Book Review: Ninth House by Leigh Bardugo

Galaxy “Alex” Stern is the most unlikely member of Yale’s freshman class. Raised in the Los Angeles hinterlands by a hippie mom, Alex dropped out of school early and into a world of shady drug dealer boyfriends, dead-end jobs, and much, much worse. By age twenty, in fact, she is the sole survivor of a horrific, unsolved multiple homicide. Some might say she’s thrown her life away. But at her hospital bed, Alex is offered a second chance: to attend one of the world’s most elite universities on a full ride. What’s the catch, and why her?

Still searching for answers to this herself, Alex arrives in New Haven tasked by her mysterious benefactors with monitoring the activities of Yale’s secret societies. These eight windowless “tombs” are well-known to be haunts of the future rich and powerful, from high-ranking politicos to Wall Street and Hollywood’s biggest players. But their occult activities are revealed to be more sinister and more extraordinary than any paranoid imagination might conceive.

If she’d been a social butterfly, they would have said she liked to drink away her pain. If she’d been a straight-A student, they would have said she’d been eaten alive by her perfectionism. There were always excuses for why girls died.

Before starting Ninth House I wasn’t sure how much magic to expect from the novel. I knew that it mentioned secret societies and occult activities but I wasn’t entirely sure where these would go; whether the magic would be something that you could see or ritualistic; whether the main character would believe in such things or not. So to pick up this book and receive a world where there were many different societies, each specializing in different types of magic, and where ghosts walked the earth was a rather pleasant surprise. The magical and mystical worked superbly within the pages of Ninth House and I absolutely adored the world that Leigh Bardugo created. Academia blended with the supernatural so seamlessly that it felt like a world that truly could exist. The writing was brilliant too although I will admit that at the start of the novel there were quite a lot of references that I couldn’t place and as a result it did take me a little while to get into the flow of the story. Once I was hooked it was hard to put this book down though.

The characters in this book were wonderfully well thought out and developed. Alex was a bit hard to relate to at times, perhaps due to how she hid her true self away, but I definitely felt for her given everything that she’d endured over the years. I loved the way that she wanted to stand up for ‘girls like her’. All of her past – everything that made her the person that she is today – was just terrifically well thought out and detailed too. My favourite character was definitely Darlington; somehow over the course of the novel I came to love his character so much. And with time I came to enjoy Dawes character too, along with several other surprising individuals. The villains from this book deserve a mention too because they were just superb. Like the other characters they were well written with fleshed out motivations and, when shared, interesting back stories.

The story itself was incredibly well plotted and thought out. Everything came together in a way that I wouldn’t have seen coming and kept me guessing from page one. As stated above once I was hooked it was hard to put this book down and that’s so true – once the story got going this book was utterly compelling. The plot, the characters, the magic… everything just came together so wonderfully.
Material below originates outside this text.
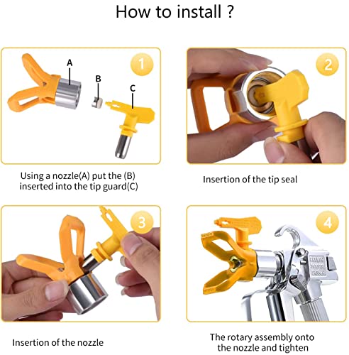 【Krachtige compatibiliteit】Sproeikop van wolfraam met 4 modellen, die compatibel zijn met de meeste airless-spuitapparaten en afhankelijk van de openingsgrootte kunnen variëren. Elk model wordt geleverd met een airless-spuitmond en een mondafdichting en is compatibel met de meeste airless-spuitapparaten.
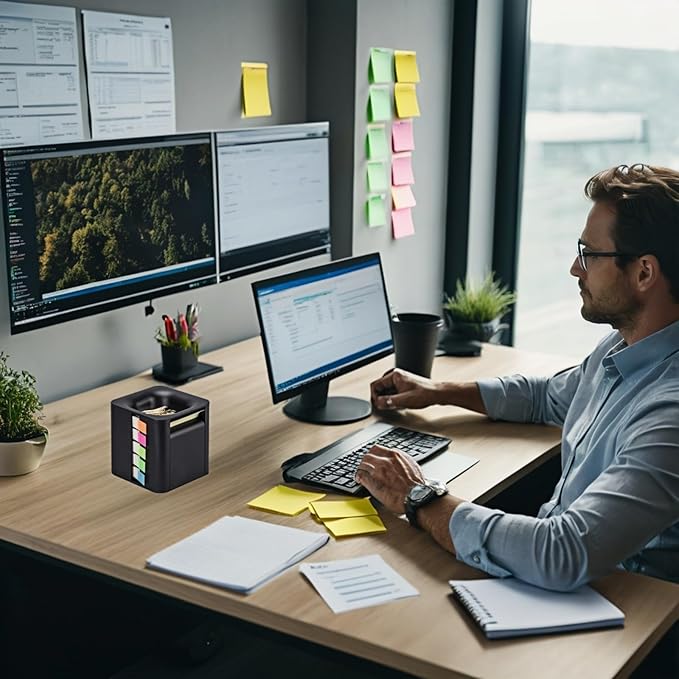 - 5-in-1 Design: The sticky note sticker holder adopts a 5-in-1 design, which integrates 4 types of note stickers and 1 magnetic absorber case. The fine teeth on the edges allow you to easily remove sticky notes from different directions; The magnetic design on the top securely attaches a paper clip or gadget, allowing you to work on your files on the go

I loved learning about Lethe and the other houses; I love reading snippets of their history too. This book is incredibly dark at times though too so please bare that in mind and, if you have any triggers, I’d definitely recommend checking out the trigger warnings.

Altogether I thoroughly enjoyed reading Ninth House and found myself glued to its pages, wanting to unravel exactly what was going on. After the ending I definitely can’t wait for book two to come out, I have a feeling that with it’s possible setting it’ll be even more addictive than the first book in the series. So yes I recommend this book if you’re looking for a dark, atmospheric mystery with a surprisingly varied cast of characters.

Check out Ninth House on Goodreads here.

I’m aware that some people may find these warnings potentially spoiling so click the link below if you want to know them in advance. Also sorry if I missed any; I have tried to at least include the ones that majorly stood out to me.

Trigger Warnings:Sexual Assault, Rape (including of a minor), Drug Use, Overdoses, Consumption Of Bodily Fluids, Death, Murder, Drowning & Extreme Violence/Gore.

I strive to keep my reviews completely spoiler free but if anyone wants to discuss anything about the book in more detail (or just give me an excuse to gush about it) then feel free to contact me in the comment section below.


8 thoughts on “Book Review: Ninth House by Leigh Bardugo

    1. Thank you (: I saw some fairly mixed reviews but held off on reading any until I had a chance to read the book as I wanted to go into it knowing as little as possible. I was worried by the mixed ratings though and can understand them given some of the dark content and at the start it did take me a little while to get into but the story was so compelling once I was hooked (:

      Liked by 1 person

  1. This is going to be one of my reads soon, and I’m so glad to hear see such a positive review. I too have been seeing some fairly mixed opinions so I’ll be going in with my expectations tempered, but I think I’ll probably enjoy this based on some of things here!